La prima ondata del nu metal, quella del periodo compreso fra l’esordio dei Korn (1994) e “Hybrid Theory” dei Linkin Park (2000), ottenne grandi riscontri da parte del pubblico mainstream e, in fin dei conti, rappresentò un fenomeno positivo. I dischi di band come Limp Bizkit e Coal Chamber, seppur lontani dall’essere prodotti di eccellenza, furono veri e propri riti di iniziazione per nuove generazioni di adepti del rock; certo, come “porte di ingresso” non sempre erano il massimo in termini di qualità, ma da qualche parte bisognava pure iniziare…no?

Ecco, in quest’ottica anche un album come “My God Has Got A Gun” dei Vukovi assume un valore diverso. Il duo scozzese, composto dalla cantante Janine Shilstone e dal chitarrista Hamish Reilly, non presenta davvero nessuna caratteristica in grado di differenziarlo dalla massa di gruppi che, da qualche anno a questa parte, stanno provando a riportare in luce l’ampio spettro di sonorità racchiuse nella sfera del nu metal/alt metal. Si seguono le coordinate moderne e radio-friendly imposte da grandi nomi del settore come Bring Me The Horizon e Babymetal.

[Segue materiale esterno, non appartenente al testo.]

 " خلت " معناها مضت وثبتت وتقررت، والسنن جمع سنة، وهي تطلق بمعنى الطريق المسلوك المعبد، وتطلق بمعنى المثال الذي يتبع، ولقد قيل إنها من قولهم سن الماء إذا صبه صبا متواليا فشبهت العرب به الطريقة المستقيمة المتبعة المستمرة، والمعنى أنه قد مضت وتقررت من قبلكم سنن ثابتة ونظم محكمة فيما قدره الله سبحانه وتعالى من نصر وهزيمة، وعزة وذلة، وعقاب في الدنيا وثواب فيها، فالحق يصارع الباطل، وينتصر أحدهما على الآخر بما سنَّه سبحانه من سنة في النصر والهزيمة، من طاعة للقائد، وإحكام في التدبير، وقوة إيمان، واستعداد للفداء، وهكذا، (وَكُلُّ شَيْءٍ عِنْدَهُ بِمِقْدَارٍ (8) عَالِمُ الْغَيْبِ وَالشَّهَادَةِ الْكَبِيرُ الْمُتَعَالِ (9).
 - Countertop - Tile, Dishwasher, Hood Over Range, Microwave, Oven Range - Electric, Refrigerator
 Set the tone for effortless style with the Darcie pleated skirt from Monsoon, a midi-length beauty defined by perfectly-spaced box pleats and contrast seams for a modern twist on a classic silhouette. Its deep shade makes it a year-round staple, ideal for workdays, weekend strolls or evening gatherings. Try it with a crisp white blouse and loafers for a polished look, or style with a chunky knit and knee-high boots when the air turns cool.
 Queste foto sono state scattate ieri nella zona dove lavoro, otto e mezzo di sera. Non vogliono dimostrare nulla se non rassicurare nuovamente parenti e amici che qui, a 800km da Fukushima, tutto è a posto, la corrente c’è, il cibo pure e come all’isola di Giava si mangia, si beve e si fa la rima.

I Vukovi, da buoni gregari del genere, si limitano a un compitino di pregevole fattura che abbraccia tutti gli elementi stilistici tradizionali del genere: chitarre e batteria innaturalmente potenti poiché sottoposte a una cura di “steroidi” in studio; riffoni semplici ma impattanti; ritornelli super-pop che devono stamparsi in testa sin dal primissimo ascolto; breakdown “scapoccianti” presi in prestito dal metalcore; influenze pop punk che qui si manifestano nella voce di Shilstone, modellata su quella di Hayley Williams dei Paramore; gli immancabili inserti glitchati che, con quel loro retrogusto un po’ dubstep, danno un tocco elettronico a un sound già di per sé molto sintetico e artefatto.

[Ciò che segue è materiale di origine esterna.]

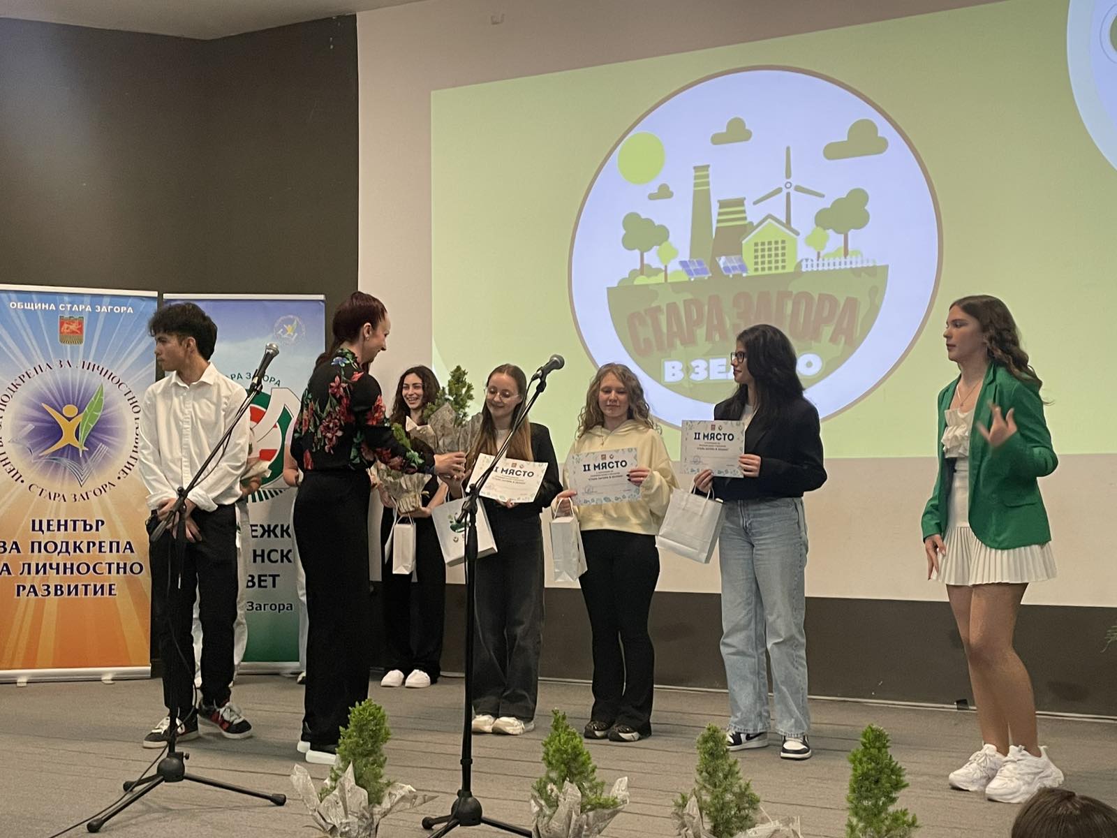 Участниците бяха наградени от Станимира Димитрова, началник на отдел „Образование и младежки дейности“ в Община Стара Загора. Първите три отбора получиха по едно дърво – „Пицея Коника“, което да засадят като символ на грижата за природата.

Il duo scozzese si muove in questo preciso contesto musicale. I Vukovi non alzano mai la testa per cercare di seguire piste alternative o personali, accontentandosi di dar vita a un album anonimo ma non incolore perché, in fondo in fondo, si lascia ascoltare con discreto piacere pur essendo un po’ fuori dal tempo (siamo nel 2005 o nel 2025?). Le canzoni della coppia Shilstone Reilly saranno pure derivative e indistinguibili l’una dall’altra ma, in non poche occasioni (“Gungho”, “My God Has Got A Gun”, “Fuc Kit Up”), sanno essere stuzzicanti e coinvolgenti. Tanto basta per poter ambire all’importante ruolo di “trampolini di lancio” per stuoli di imberbi da indottrinare al verbo del rock.